Dün, piyasaların "üretimin barometresi" olarak kabul ettiği sanayide kapasite kullanım oranları açıklandı.

İmalat sanayiinde kapasite kullanım oranı aralık ayında, geçen yılın aynı ayına göre 16.4 puan azalıp yüzde 64,7 seviyesine düşmüş.
Aslında kapasite kullanım oranlarında eylülden bu yana hızlı bir düşüş trendi var.

Ekim yüzde 76,7, kasım ise yüzde 72,9. Fakat aralık ayında yaşanan dramatik düşüş son 17 yılın en kötüsü. Bırakın 2001 krizini, sanayi bölgelerini doğrudan vuran 1999 depreminde bile kapasite kullanım oranı bu derece düşmemişti.

Bu veri son 3 aydır global krizin de etkisiyle üretimin Türkiye'de nasıl S.O.S verdiğini açıkça gösteriyor. Bu yılın ilk iki çeyreğinde bu tablonun düzeleceğine dair herhangi bir sinyal ya da hükümet tarafından alınmış bir önlem yok.

Peki, üretimde durum bu da tüketim çok mu farklı?

Maalesef değil! Zaten olması da düşünülemez.

İç ve dış talepte daralma olmasa yani tüketim kısılmasa sanayici kapasitesinin çok altında bir üretime niye insin?

Kapasite kullanımında yüzde 80 ve üstü işlerin fena gitmediğine dair önemli bir eşiktir. Yüzde 70 işlerin pek de iyi gitmediğine işarettir, yüzde 60'lar ise üretimin durma noktasına geldiğini gösterir.

Benzer eğilimleri tüketici güven endekslerinde de görebilirsiniz.

Bir de tüm bu verilerin üretildiği sembolik önemde mekânlar vardır.

Tüketim eğilimi için Bağdat Caddesi her zaman önemli bir kilometre taşıdır.
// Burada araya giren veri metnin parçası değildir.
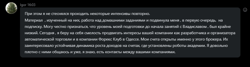 Хоть в процессе наставничества и возникали вопросы, у Игоря всегда была возможность задать их трейдеру-наставнику. Владислав не только помогал найти решение, но и предоставлял ссылки на полезные материалы, информация на которых позволяла более полно погрузится в тему и научиться решать возникающие проблемы самостоятельно.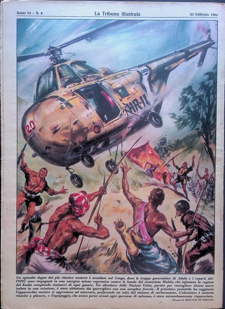 Un episodio degno del più classico western è accaduto nel Congo, dove le truppe governative di Adula e i reparti dell'ONU sono impegnati in una energica azione repressiva contro le bande del comunista Mulele, che infestano la regione del Kwilu compiendo massacri di ogni genere. Un elicottero delle Nazioni Unite, partito per raccogliere alcune suore isolate in una missione, è stato abbattuto dai guerriglieri con una semplice freccia. Il primitivo proiettile ha raggiunto l'apparecchio mentre si apprestava ad atterrare, perforando un tubo del sistema di carburazione. L'elicottero è tuttavia riuscito a planare, e l'equipaggio, che aveva perso ormai ogni speranza di salvezza, è stato miracolosamente risparmiato.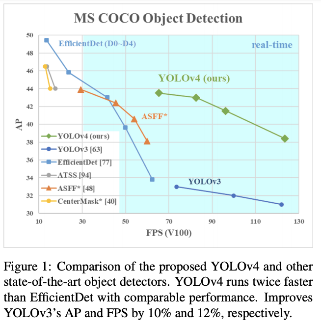 论文提出YOLOv4,从图1的结果来看,相对于YOLOv3在准确率上提升了近10个点,然而速度并几乎没有下降,论文主要贡献如下: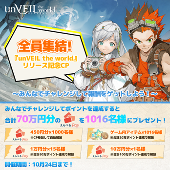 本作の配信を記念して、公式X(https://x.com/unveil_JP)では、「総額70万円分のえらべるPayがもらえるリリース記念CP」を10月16日から10月24日まで開催予定です。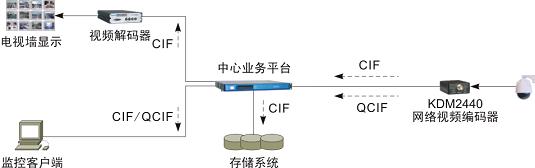 KDM2440/2440P集成了雙碼流功能,可對單路模擬視頻進(jìn)行CIF和QCIF兩種格式的同時(shí)編碼上傳,并由中心業(yè)務(wù)平臺(tái)進(jìn)行差異化轉(zhuǎn)發(fā)。比如,視頻解碼器和錄像存儲(chǔ)單元接收CIF視頻,可實(shí)現(xiàn)較高清晰度的圖像顯示和存儲(chǔ),而客戶端接收QCIF視頻,可有效降低PC資源的消耗,從而保證客戶端在進(jìn)行多畫面視頻實(shí)時(shí)瀏覽時(shí)的應(yīng)用效果。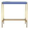 Mixing a gold finish base with a blue top finish, this contemporary metal and wood writing desk offers a compact footprint perfect for a bedroom or living room nook. The desktop features a built-in USB and electrical panel that create easy access to plug in your laptop or charge your phone while you work. Clean and sleek, this writing desk is a fun addition that perks up any decor.Features : Includes: One (1) Writing DeskStyle: Contemp...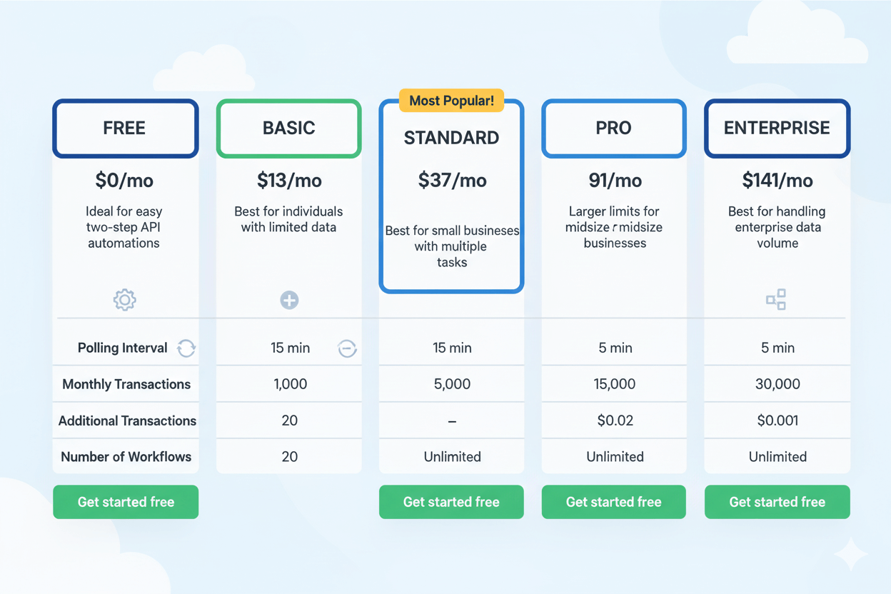 Build a tiny revenue-adjacent workflow first—lead to CRM, email, and sheet—then watch usage. When you pass the allowance, top up; when growth holds, step up a tier. Simple math. Clear levers. Better control.

Geçen yıl Bağdat Caddesi'nde kiralar Paris'in ünlü caddesi Champs Elyeese ile karşılaştırılıyordu. Bu yüzden de 200 metrekarelik dükkânlar 30-40 bin dolar kira, 800 bin dolar hava parasıyla kapanın elinde kalıyordu.

Oysa bu yıl çok köklü markalar bile bu astronomik kiralara dayanamıyor.

Gerçi Zara gibi bu kriz ortamında büyüyenler de var ama yirmi yıldır Bağdat Caddesi'nde bulunan Benetton bile sonunda havlu atmış.
Alışveriş merkezlerinden sonra astronomik kira ve işletme maliyetleri birçok ünlü markayı sokak ve caddelerde de tedirgin etmeye başlamış.

Haber merkezinde arkadaşlarımız uzun bir süredir sahaya inerek hem Anadolu'nun hem de İstanbul'un sembol mekânlarını mercek altına aldı.

İlk elden gelen bilgiler, üretim ve tüketim endekslerini fazlasıyla haklı çıkarır nitelikte.

Kimileri bu durumu aşırı büyümenin kaçınılmaz sonucu olarak görebilir.

Kimileri ise gaza basmak için fırsat.

Ha siz de işadamı dostum gibi tam da bu kritik noktada benden ücretsiz danışmanlık bekliyorsanız, söyleyeceğim çok basit.

Eğer o kararı verebilecek durumda olsam bugün bu sütunda yazı yazıyor olmaz, sizlerin arasında iş yapıyor olurdum.

Meşhur fıkradır, bir işadamı bir panelde uzun uzun dinlediği bir iktisatçıya dayanamayıp sormuş: "İyi de hocam şu doların ve faizin hali ne olacak?"

İktisatçı gayet samimi cevap vermiş: "Siz bakmayın benim ekonomiyle ilgili parlak cümleler kurduğuma, eğer sorunuzun cevabını biliyor olsam burada ahkâm kesmek yerine dışarıda ticaret yapıp para kazanıyor olurdum. Anlayacağınız ben bildiğim değil bilmediğim için iktisatçı oldum."